I was anything but excited my when my phone beeped to tell me I had a text message. It’s not that I didn’t like getting text messages from my wife- to the contrary. In fact, I was really looking forward to hearing updates about what was going on at the hospital, but her message rattled me a little bit.
“The birth father is here. Don’t worry, he’s really easy to talk to and you’ll like him,” her text said.
I wasn’t looking forward to meeting him. Of course, he had a right to be at the hospital. After all, his daughter was the one being born that day. If anything, I was the one who didn’t have any right to be there.
So I sat at work all morning that day thinking about the fact that our soon-to-be daughter’s birth father came to the hospital much, much earlier than I expected, and he would be there for the delivery, not just to see her after she was born.
He hadn’t ever done anything to make me uncomfortable with his presence.
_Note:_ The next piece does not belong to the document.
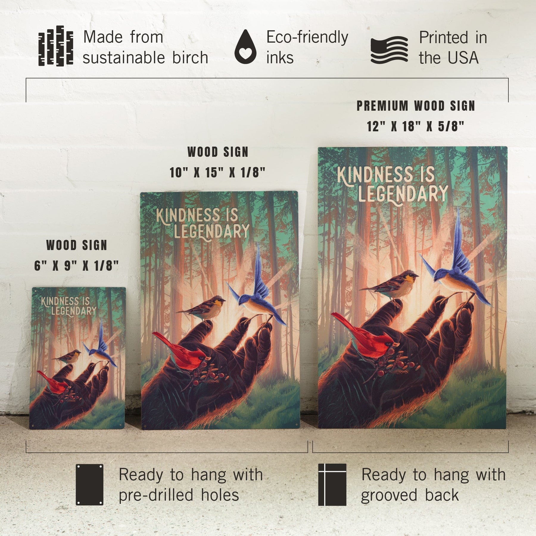 Kindness is Legendary, Bigfoot With Birds, Wood Signs and Postcards

In fact, I had never even met him. It was just the fact that he was a birth father (or soon to be one). During our first adoption, the birth father did nothing but cause problems. He didn’t want to parent the child, but he sure did want to make things difficult. His actions didn’t exactly leave me with a good taste in my mouth when I thought about birth fathers, so I entered our second adoption experience with an aversion to anyone playing his role. That changed with our second adoption, though.
I was called right before it was time for the actual delivery, and then I dropped everything I was doing and rushed down to the delivery room. There he was, right by the birth mother’s side. And because I showed up just in time for the action to start, we didn’t have a chance to get to know each other before our little girl was born.
There were a lot of emotions running wild at the hospital that day. I imagine that’s pretty normal. It was a very different experience from our first adoption, for which we were also present in the delivery room, but they both had the same level of intensity. The calmest person out of everybody involved was probably the birth father.
Conversation started a little bit slowly once we did get a chance to calm down from the intensity of a new life coming into the world. We’re both guitar players, so we had that to talk about. We both like similar types of music, so we had that, too. We sing, we perform, and all that good stuff, so we talked a lot about our hobbies.
We spent the entire day getting to know each other. Luckily for us, he didn’t come into the relationship with preconceived stereotypes and biases about what adoptive parents are like. His intentions and his personality gave us a chance to get to know each other to build the relationship we have now.
Above all, I have a great appreciation now for the positive presence and influence a birth father can have on an open adoption relationship. We’ve driven the five hours to see him a few times, and he’s driven to see us as well. I know that what he did nearly a year ago at the hospital that day and ever since has been out of love for our little girl. I will always be glad that we get to share our lives and experiences with him. Birth fathers are, unfortunately, left of out or pushed aside sometimes, and they shouldn’t be. Our experience wouldn’t be nearly as wonderful without him. Birth fathers are awesome.